Pocos son los antídotos eficaces contra la destrucción despiadada que muchos resorts mal planeados le han inflingido al área de Cancún. La Reserva de la Biosfera de Sian Ka’an es uno de ellos. Sian Ka’an, o “el lugar donde el cielo comienza”, es la reserva de la biosfera más grande de Quintana Roo. Como bien lo indica su etimología maya, en sus casi 530 mil hectáreas protegidas inicia una selva celestial donde más de 1400 especies de plantas, 800 de flores y un puñado de animales en peligro de extinción (jaguares, manatíes y tapires, entre otros) intentan sobrevivir a la depredación expansiva del turismo de la Riviera Maya. La supervivencia se logra a medias, pues es frecuente toparse con ruidosos vehículos 4x4 que, procedentes de Cancún o Tulum, recorren sin cuidado el único camino de la reserva, o con el típico alojamiento que se jacta de ecoturístico aunque siga contaminando y explotando a los locales. Con todo, se trata de uno de los pocos lugares de la zona donde se hace un esfuerzo por atraer un turismo más responsable que intente convivir con la naturaleza, y no sólo dominarla.

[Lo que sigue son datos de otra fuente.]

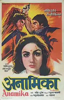 Anamika is a 1973 Indian Hindi-language romantic thriller film directed by Raghunath Jalani, and starring Sanjeev Kumar with Jaya Bhaduri. The film was remade in Telugu in 1977 as Kalpana.[1]
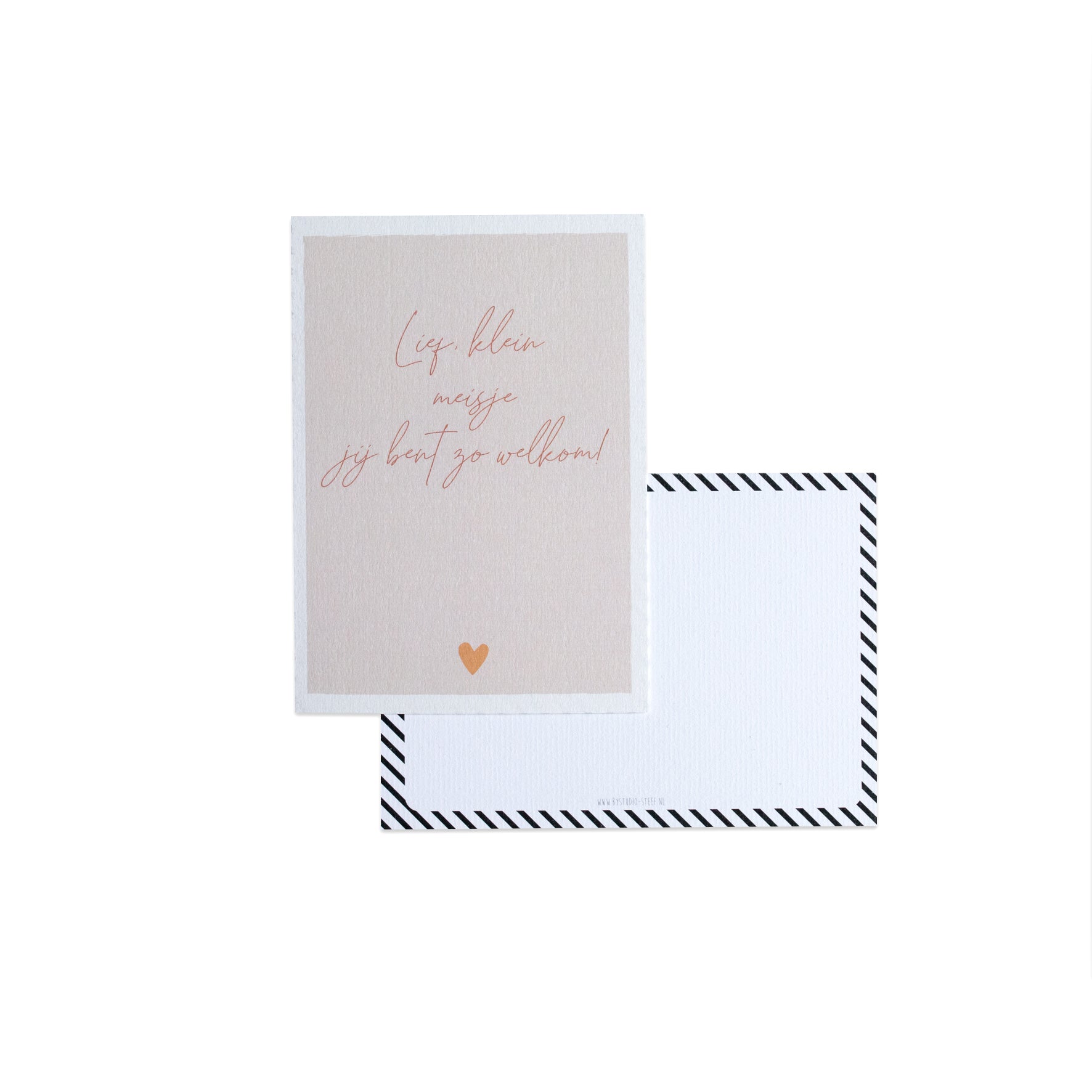Welkom, kleine meid! Vier de geboorte van een dochter met deze liefdevolle ansichtkaart met de tekst “Lief, kleine meisje jij bent zo welkom!”. Het zachte en warme ontwerp straalt liefde, vreugde en warmte uit – perfect om de komst van een dochter op een bijzondere manier te vieren.
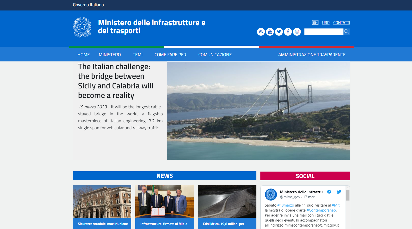 Il messaggio è forte e chiaro. Ed ha lo scopo di arrivare il più lontano possibile. Basti dire che le parole che aprono il sito internet del Ministero delle Infrastrutture (apri sito) e dei trasporti, sono pubblicate anche in inglese.
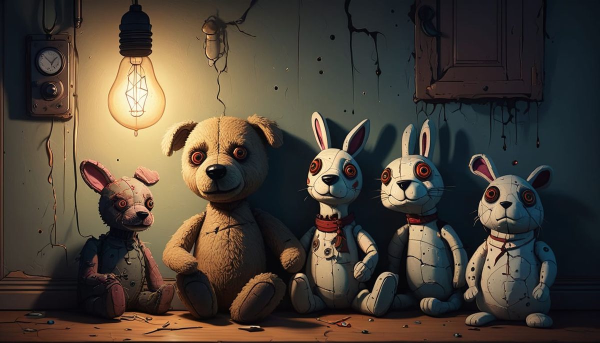 This oil painting captures a group of worn stuffed animals huddled together, appearing to plot under a single bare lightbulb. Moody, atmospheric lighting enhances the unsettling, narrative scene.
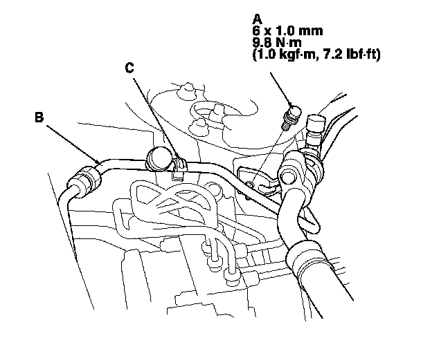 3. Disconnect the receiver line (B) from the clamp (C).
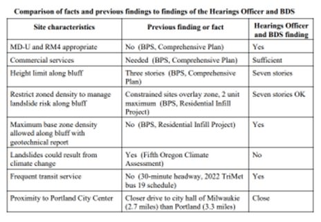 “Hearings Officer and Bureau of Development Services staff (HO&BDS) support for this proposal demonstrates the siloed dysfunction of the City’s bureaus and governance. The table lists site characteristics where BDS and the Bureau of Planning and Sustainability (BPS) have completely opposed findings or HO&BDS rely on factual errors. The resulting recommendation of the Hearings Officer, which include denying climate science and using obsolete transit schedules, creates a false justification for the proposal. City Council has the responsibility and authority to make City policy coherent and factually-based…
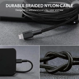 Duurzame AUKEY laad- en datakabel met Lightning- en USB‑A‑connectoren van 2 m biedt snelle gegevensoverdracht tot 480 Mb/s, Apple MFi‑certificering voor 100% compatibiliteit en een gevlochten nylon mantel tegen in de knoop raken voor dagelijks betrouwbaar gebruik.
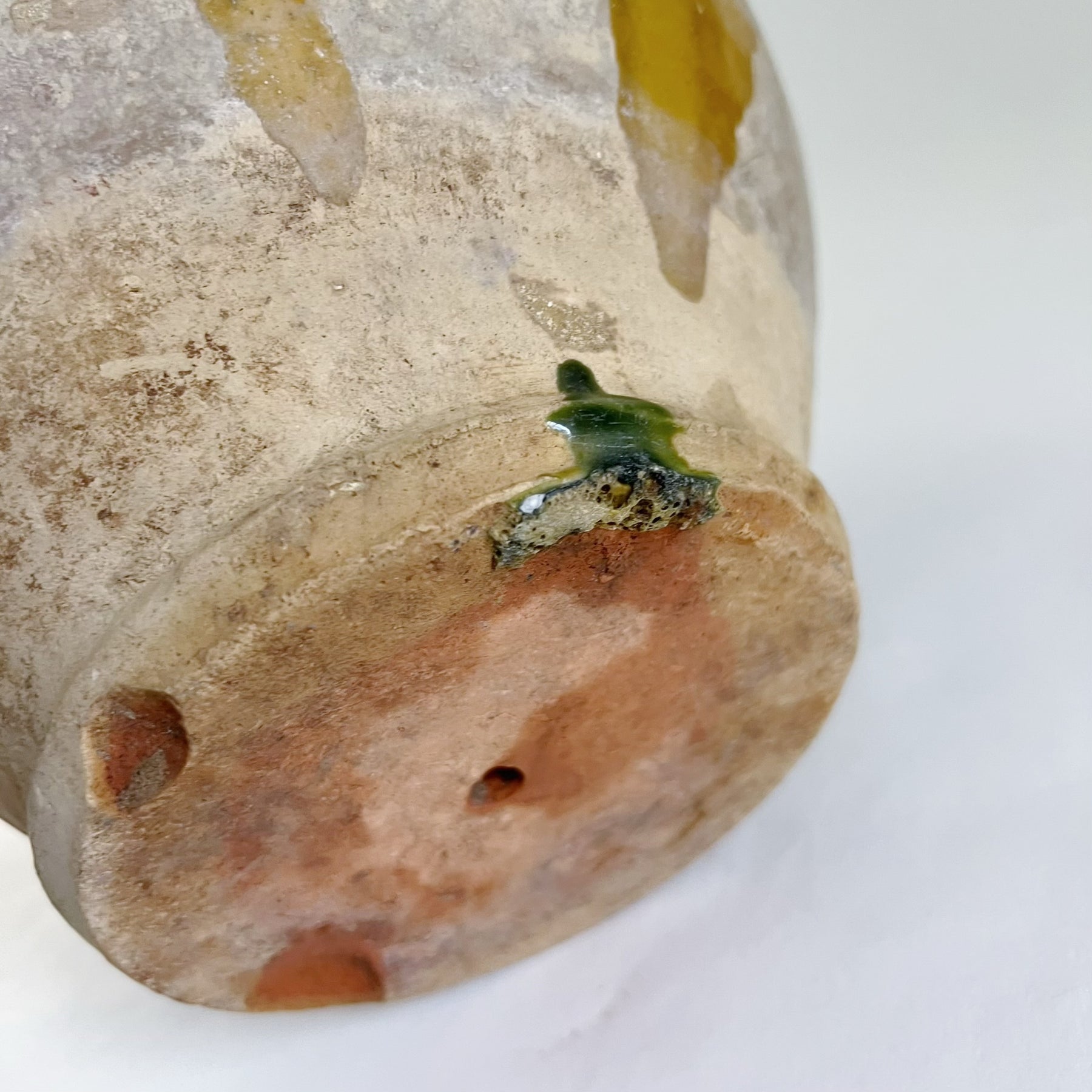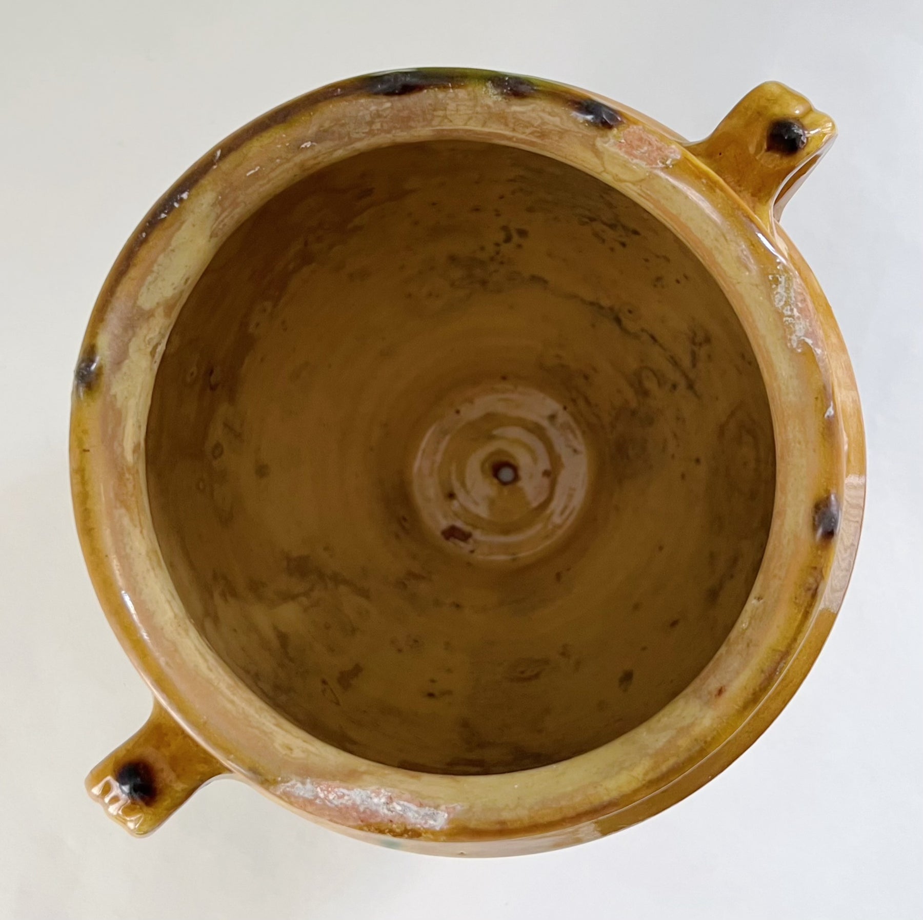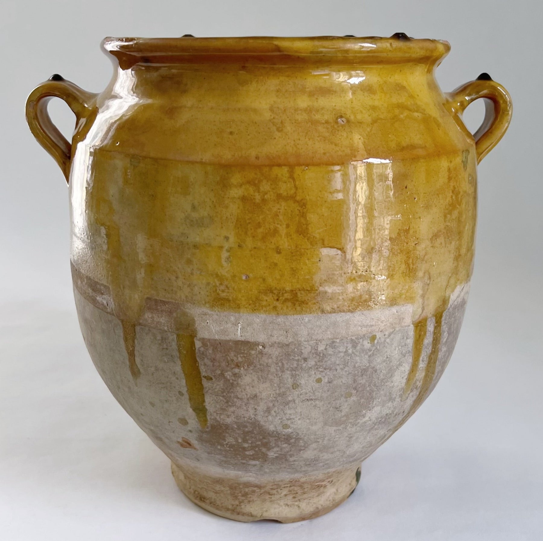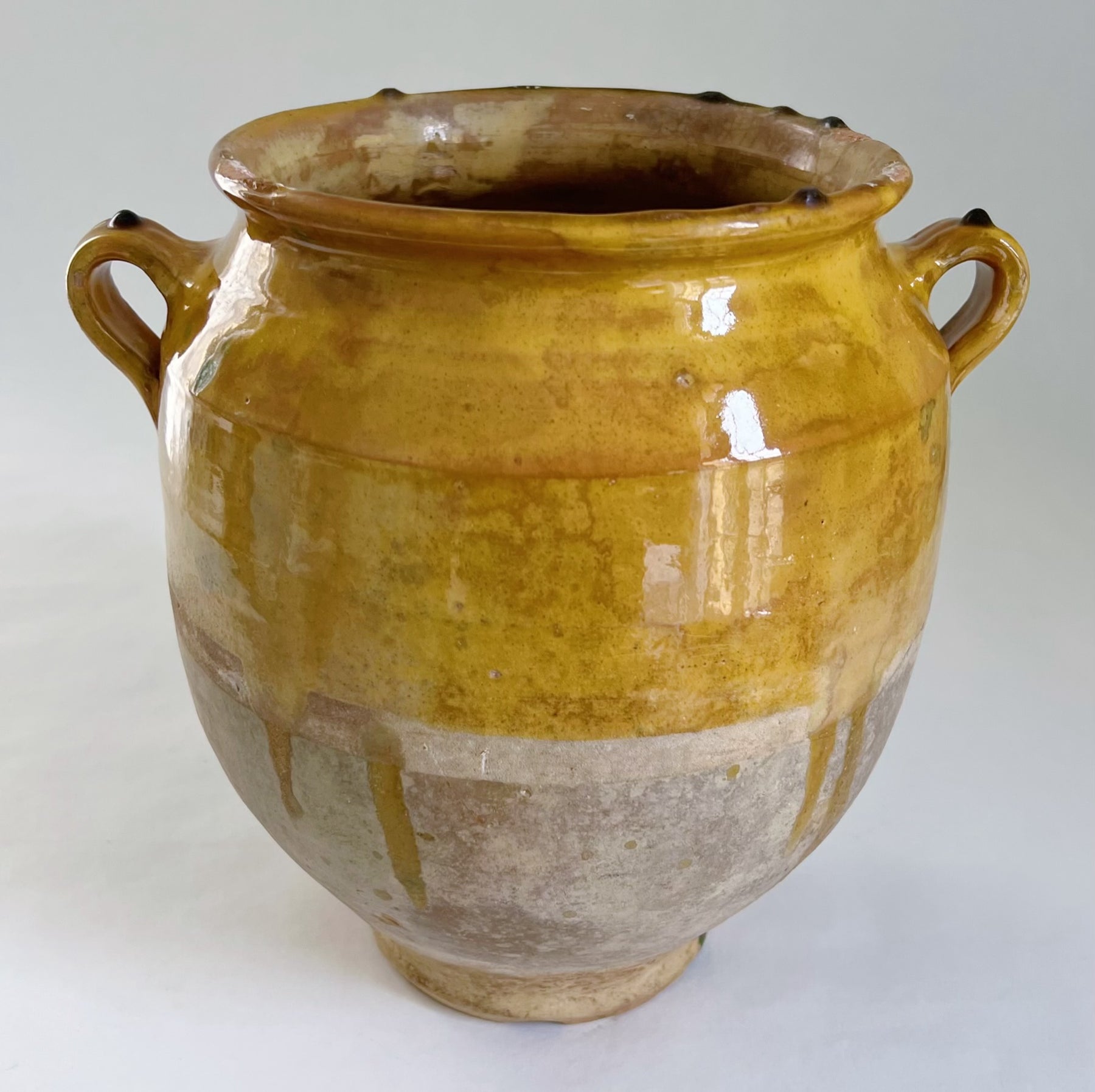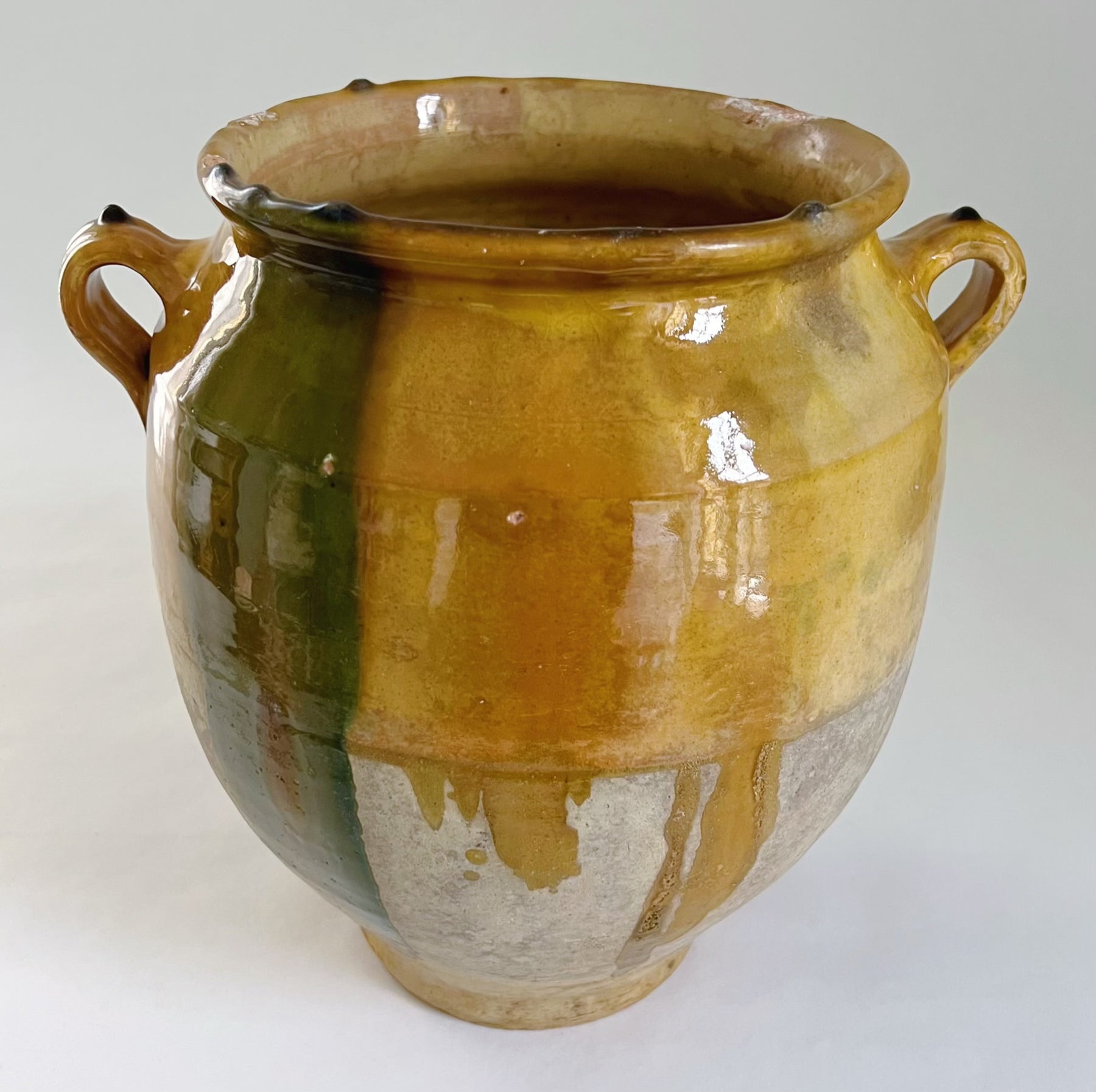 Meget smuk sydfransk okkergul glaseret krukke med flotte sjældne grønne glasurløb. Krukken er bl.a. blevet brugt til opbevaring af madvarer. Krukken er fra omkring år 1900. Der er drønhuller i bunden som gør man kan plante i den.

Si bien se ha rastreado presencia humana en el área desde el 2300 a.C., Sian Ka’an ha permanecido siempre con una densidad poblacional baja. Durante la época de esplendor maya, sus canales y lagunas sirvieron como vías de tránsito entre las ciudades de Tulum y Muyil, pero en pocos casos se establecieron asentamientos permanentes. No es sino hasta la época independiente que se tienen señales de mayor penetración humana: en el siglo xix sirvió probablemente de refugio para los fugitivos mayas que escapaban de las autoridades durante la Guerra de Castas, mientras que en el xx hubo quien aspiró a convertirlo en centro productor de chicle, sin que el intento fructificara. No es de extrañar entonces que los animales se hayan sentido a sus anchas y que unas 340 especies de aves, un centenar de diversos mamíferos, decenas de reptiles y peces y hasta el mismísimo dios maya, el venerado jaguar, hicieran de este pedazo de cielo su casa.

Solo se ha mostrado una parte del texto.